In 2006 he was the first astronomer to discover a micro-lensing system outside the Magellanic Clouds and the bulge of our Milky Way. The star GSC 3656-1328 suddenly brightened by four magnitudes in two weeks time and returned to its normal brightness two weeks later. A red or a brown dwarf star passed exactly in front of GSC 3656-1328 and the gravity of the dwarf star directed more light to the observers on Earth.
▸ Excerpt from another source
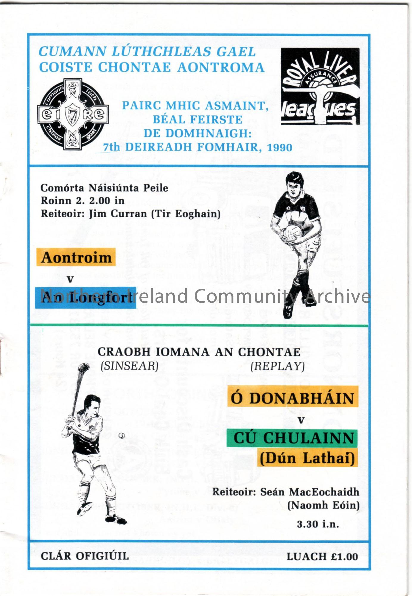 National Football League Division 2 Antrim v Longford and Antrim County Hurling Final Replay O'Donovan Rossa v Dunloy Cuchullains at Casement Park. 7th October 1990 Dunloy's first County Antrim Championship title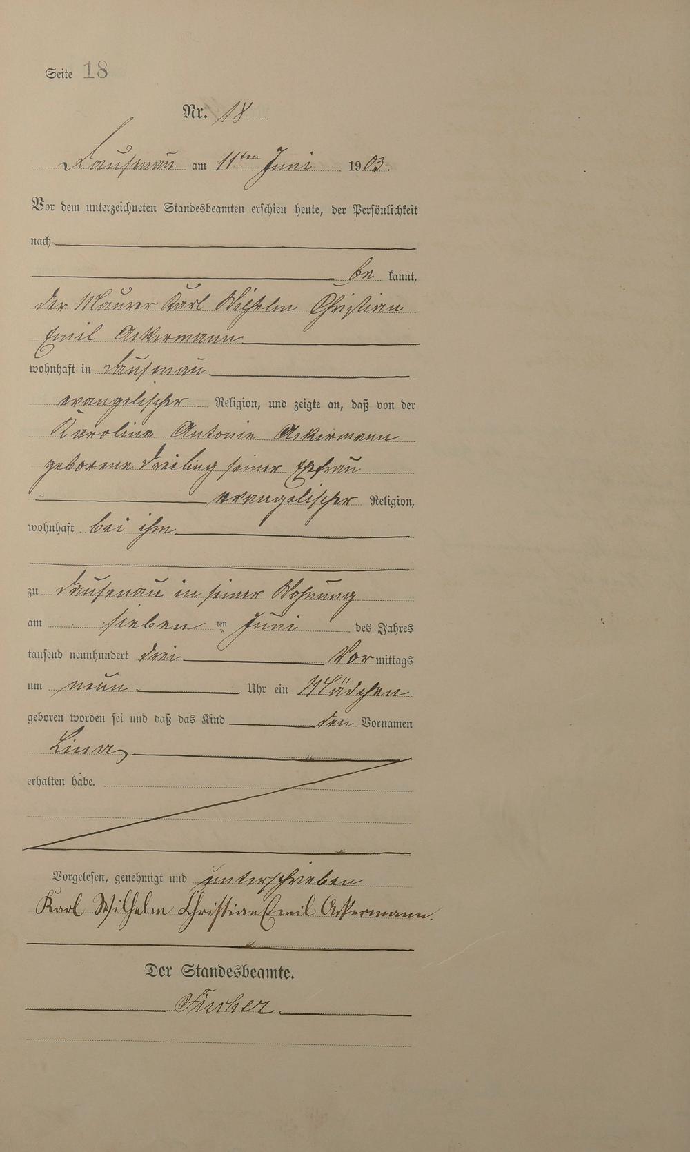 Geburtsregister 1903

He lives in Tsuyama, Okayama.

==Publications==
- Tago, Akihiko (1970). "鈴木・佐藤・関彗星 (1970m) の発見事情"
- Tago, Akihiko (1971). "エンケ彗星の写真"
- Tago, Akihiko (1982). "マイコンを活用した私の能率的な彗星捜索"
- Tago, Akihiko (1999). "本田実先外との星空会話の思い出"
- Tago, Akihiko (2000). "私の新星捜索"

==Awards==
- 天文発見功労賞 (Award for distinguished service)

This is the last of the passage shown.